[Opening DATASET section]

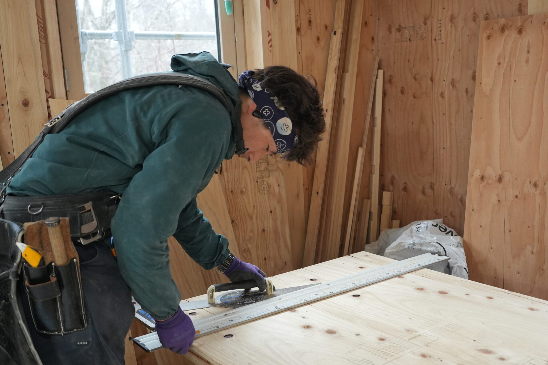 もくもくと床板の下地材を張り進めていく棟梁。しとしとと降る雨に耳を傾けながら、心地よい時間が流れていました。
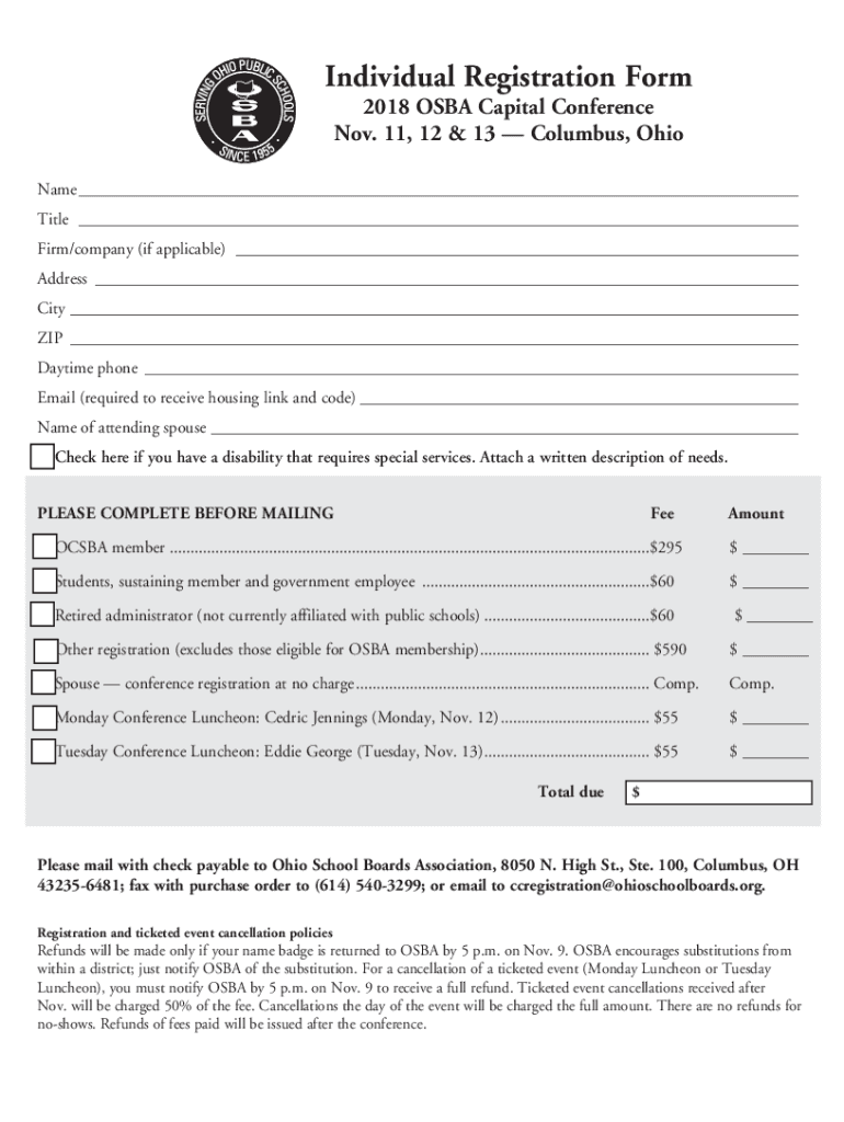 Get the free 2018 conference individual registration form - OSBA Capital ... - conference ohiosch...
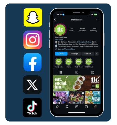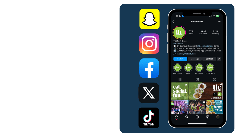 I joined the team at The Last Class during my studies in the Advertising and Marketing program at Georgian College. I was offered the opportunity to manage the restaurant's social media, in-store and campus advertising, promotions, event advertising and more!
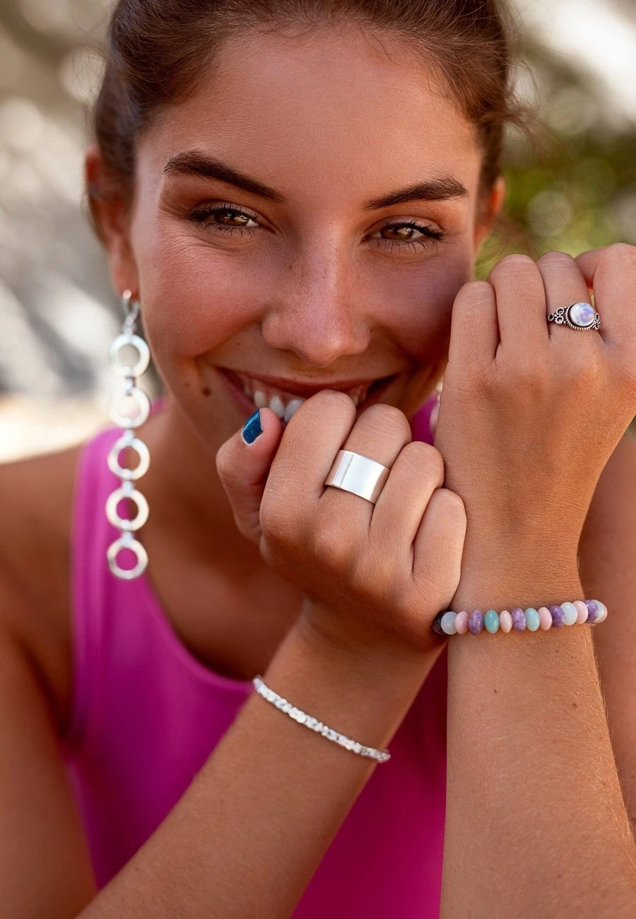 El anillo SAMA es de Plata de Ley 925 y tiene un tamaño mediano-grande. Es muy sencillo eso hace que sea perfecto para combinar con anillos más finitos o con alguno más llamativo.
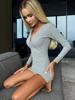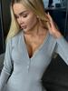 Ropa de Mujer Transfronteriza Europea y Americana Amazon 2025 Primavera/Verano Nuevo Mono Corto Ajustado con Botones y Cuello en V de Manga Larga Color Sólido
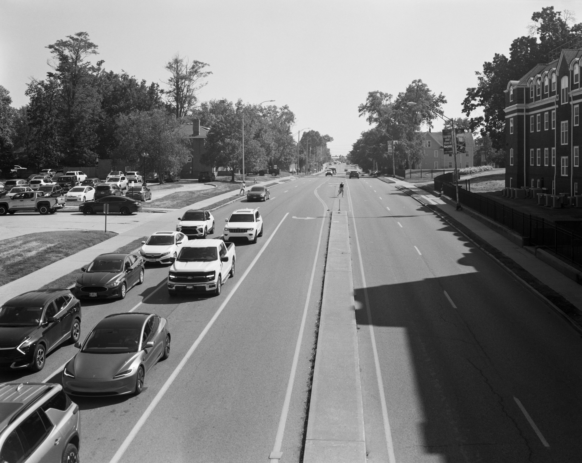 My relationship to cars carries a kind of transcendental unease. I don’t own one and never planned to. Being here temporarily, I resist that dependency. What began as culture shock—entering a landscape shaped by engines and absence—gradually slipped into something dreamlike. Highways started to feel like suspended zones of alertness, parking lots like monuments to stillness. With time, each commute became less motion and more acquiescence.

[Closing DATASET section]

:: WHAT THE EXERCISE ASKS ::
Your answer must be an exact copy of the listing, with every picture omitted.

:: OUTPUT ::
 もくもくと床板の下地材を張り進めていく棟梁。しとしとと降る雨に耳を傾けながら、心地よい時間が流れていました。
 Get the free 2018 conference individual registration form - OSBA Capital ... - conference ohiosch...
 I joined the team at The Last Class during my studies in the Advertising and Marketing program at Georgian College. I was offered the opportunity to manage the restaurant's social media, in-store and campus advertising, promotions, event advertising and more!
 El anillo SAMA es de Plata de Ley 925 y tiene un tamaño mediano-grande. Es muy sencillo eso hace que sea perfecto para combinar con anillos más finitos o con alguno más llamativo.
 Ropa de Mujer Transfronteriza Europea y Americana Amazon 2025 Primavera/Verano Nuevo Mono Corto Ajustado con Botones y Cuello en V de Manga Larga Color Sólido
 My relationship to cars carries a kind of transcendental unease. I don’t own one and never planned to. Being here temporarily, I resist that dependency. What began as culture shock—entering a landscape shaped by engines and absence—gradually slipped into something dreamlike. Highways started to feel like suspended zones of alertness, parking lots like monuments to stillness. With time, each commute became less motion and more acquiescence.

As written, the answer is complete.